Yes indeed, she’d pulled out all the stops! Pictures of him as a kid, pants half down, in his cowboy suit; tales from his father about his son’s “wild” days; and “secret” information thrown in from friends like Kurt Frazier, who recalled the time he and Mark were found in the girl’s bathroom in junior high, sabotaging the toilets. His daughter, Jasmine, who had been allowed to stay up past her bedtime, smothered herself with laughter when hearing of her father’s exploits. “Daddy was in the girl’s bathroom?!” She was flabbergasted. Her reaction sent the whole room into a crescendo of chuckles and belly laughs.

“Yes indeed, that was a hell of a party,” Mark recalled, as he put away the groceries he’d picked up at the market. “When was that . . . fifteen . . . sixteen years?” he wondered.

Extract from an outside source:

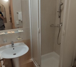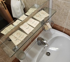 Присоединюсь к другим отзывам, одноразовые наборы гигиенические могли бы разместить в ванных комнатах, учитывая, что доплату вы за них просите 25-35р, не помню точно. Шапочки для душа кладете, а элементарно зубную пасту – нет. Ванная комната тесновата, но быстро привести себя в порядок – подойдет.

His callused, once long and smooth hands put the last box of chemical free, organic cereal on the top shelf. He pushed up his thick-lensed, dark-framed glasses and glanced at the label on the soy milk carton sitting next to the cereal. It read, “Safe to drink until Jan. 2012.”

“Safe my ass!” he blurted. “Nothing’s safe.”

Looking past the carton, between the warped wallboard’s, he saw the ageless trees shifting their feet. He reached up with his hand and scratched the flaky scalp which had been tauntingly gaining ground on his receding hairline. After drifting from one rambling boxcar of thought to another, he disengaged his overloaded, freight train brain and finished stocking the sparse cupboard with his weekly supplies.

Locking the cupboard and turning to go relieve his bladder, he carelessly stepped on his sleeping mat and allowed his eyes to glimpse the muted, color photograph permanently placed on the orange crate he’d transformed into a nightstand. Barking orders at his mind to disregard the sudden, splitting images of brutality and butchery that appeared without invitation, he wrestled himself out the door and collapsed. He looked at the bright, blue canopy and saw only a soiled sky of torn memories and violent dreams. The fluids that pumped through his veins turned into a slimy run-off of emotional grease and sludge, making his heart wince and stutter like a clogged drain.

He tried to forget by building miles of paths, stone walls and chopping wood until his hands’ were an ocean of draining blisters. Once he thought he’d lost his marbles and ran wild through the woods, growling and panting like a rabid dog, but even the comfort of sweet insanity had eluded his grasp.

That afternoon, as he lay on the decomposing earth, remembering the unmemorable, something inside churned and twisted with nauseating persistence. His gut belched with inquisition.

“No!” he said out loud. “I can’t!”

“You must!” his conscience protested.

His hands clamped tightly on to his contorted face, pushing his square glasses into his round eye sockets.

“No!” he screamed.

A belligerent typhoon of insistence rocked him from head to toe. His body shook with involuntary seizures of dread. He gasped then sighed as his tear-drenched palms fell away. A small clear hole of light broke through the blood stained clouds.